10-4 If any provision of this contract is determined to be invalid or unenforceable under applicable current law, all other terms of this contract will continue to be valid. In such a case, the parties will replace the agreement with a valid agreement, and the effective agreement shall be as close as possible to the original agreement and the corresponding spirit and purpose of the contract.
10-5 By mutual agreement, the relevant provisions of this contract may be changed, but they shall be determined in writing.
10-6 One party's change notice, mailing address or other contact information shall notify the other party of the changed address and contact information within one month from the date of the change, otherwise the change party shall be liable for all consequences arising therefrom.
10-7 The understanding and interpretation of this contract shall be based on the purpose of the contract and the original meaning of the text and the understanding and practice of the industry. The title in this contract shall not affect the interpretation of this contract.

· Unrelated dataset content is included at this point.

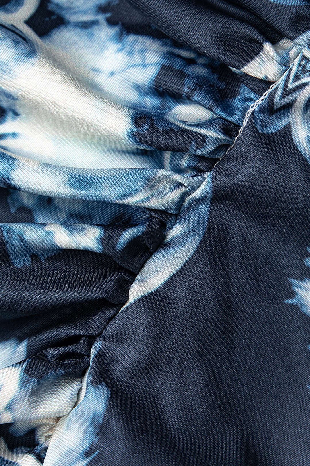 Floral Print V-neck Cut Out Ruched Wrap Mini Dress

10-8 Changes in laws, administrative regulations and rules on which this contract is based, this contract shall change the relevant content; if the objective conditions on which the contract is based are changed significantly, resulting in the inability of this contract to be fulfilled, You can change the content of this contract or terminate the performance of the contract.
10-9 During the term of this contract, Party A agrees that Party B may transfer its rights and/or obligations in this contract to the corresponding Party B due to Party B's listing, acquisition, merger with third parties, name change, etc. The bearer of the obligation, but Party B shall ensure that Party A's rights in this contract will not be adversely affected as a result.
10-10 Both parties may terminate this contract due to serious difficulties in the operation of Party B, the bankruptcy entering the statutory period or being liquidated.
10-11 Both Party A and Party B shall perform this contract in accordance with the principle of honesty. If either party uses fraud, coercion or violence in its performance, the other party may terminate this contract and have the right to demand compensation from the other party.
10-12 If the relevant clauses or agreements of this contract are inconsistent or inconsistent with the relevant clauses previously signed by the parties or the relevant statements of Party B, this contract shall prevail; unless otherwise agreed by both parties.
Article 11 Supplementary Provisions
If there is any outstanding matter in this contract, the two parties will resolve it through negotiation. This contract is made in two copies, each party holds one copy, and after signing and stamping, it takes effect, and the final signing date is the effective date of the contract. Both contracts are equally valid.